Als er im Sommer des Jahres 1939 an seinem Buch zu arbeiten begann, war
er Rektor des sogenannten "Collegium Maximum" der Jesuiten in
Innsbruck. Als solcher war er durch ein feierliches Gelübde zu
besonderem Gehorsam gegenüber dem Papst verpflichtet. Dieses sogenannte
vierte Gelübde wurde keineswegs von allen Mitgliedern des
Jesuitenordens abgelegt, sondern meist nur von solchen, die für
bedeutendere und höhere Stellen im Orden in Frage kamen. Als Rektor des
Collegium Maximum trat Jungmann bei seinen Untergebenen immer für
unbedingten Gehorsam ein. Er selbst aber plante heimlich einen
Hauptschlag des Ungehorsams und der Auflehnung gegen alle Päpste, die
seit Pius V. die bisherige Form der heiligen Messe strengstens
vorgeschrieben hatten. Prof.Jungmann ist ein Beispiel dafür, wie die
Disziplin des Jesuitenordens schon mehr als zwanzig Jahre vor dem
Zweiten Vatikanischen Konzil bis ins Mark hinein ausgehöhlt und
zerfressen war.
Jungmann wollte nicht nur eine "Darstellung der Meßliturgie" geben, wie
er im Vorwort zur ersten Auflage seines Buches behauptet. Er wollte
viel mehr: Er wollte die bisherige Form der Meßfeier auf Schritt und
Tritt herabsetzen. Das läßt sich aus überaus zahlreichen Sätzen seines
Werkes beweisen:
Er sagt z.B. über das Werk des heiligen Papstes Pius V.: "So blieb im
Meßbuch und auch im Meßordo vieles unverändert und wohl auch ungeprüft
stehen, was sich in der fränkisch-deutschen Periode als kunstlose
Übermalung über die herben Formen der alten stadtrömischen Messe gelegt
hatte" ("Misserum Sollemnia", I. 174).
Prof.Jungmann macht Papst Pius V. somit den Vorwurf' "kunstlose
Übermalungen" (z.B. die Opferungsgebete!) aus späterer Zeit "ungeprüft"

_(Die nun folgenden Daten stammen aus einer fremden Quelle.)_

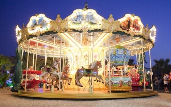 - mini fête forainepetit manège enchanté, machine à beignets frais et barbe à papa..
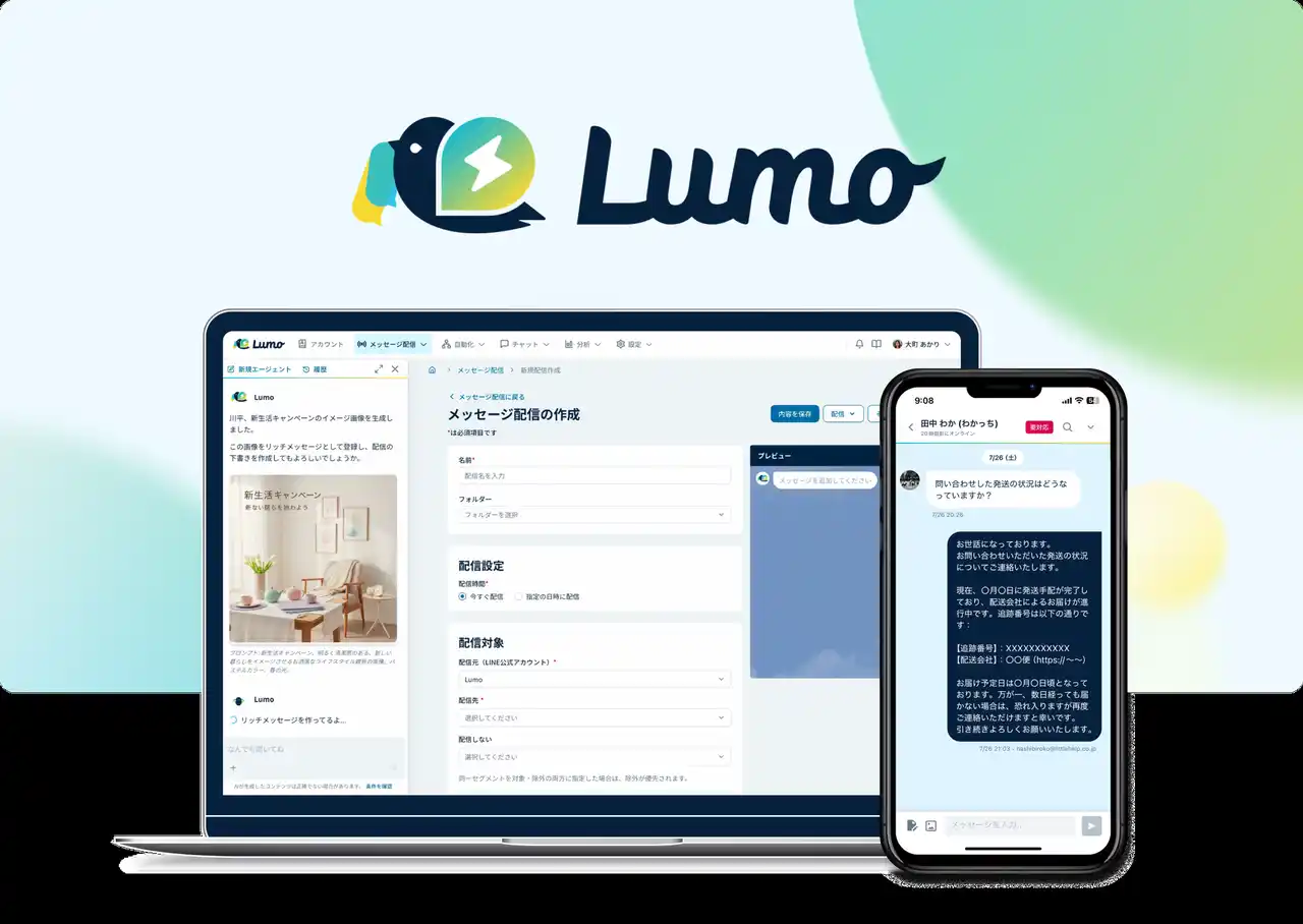 | Lumo(ルモ)は顧客データとLINEをつなぐ、AIネイティブのLINE公式アカウント向けマーケティングツールです。AIエージェントが配信内容やデータ分析、施策を提案します。 | |||

in der hl.Messe stehen gelassen zu haben. Den Beweis dafür bleibt
Jungmann schuldig.
An anderer Stelle schreibt Jungmann: "Die größte und folgenschwerste
Neuerung des Meßbuches Pius' V. war die in der Einführungsbulle
ausgesprochene Verfügung, daß dieses Meßbuch von nun an in allen
Kirchen allein maßgebend sein sollte und daß daran nichts mehr geändert
werden dürfe" (I. 176).
Das von Jungmann gebrauchte Beiwort "folgenschwer" bezeichnet im
Sprachbuch des Herderverlages, bei dem Jungmann sein Werk drucken ließ,
"viele oder üble Folgen nach sich ziehend".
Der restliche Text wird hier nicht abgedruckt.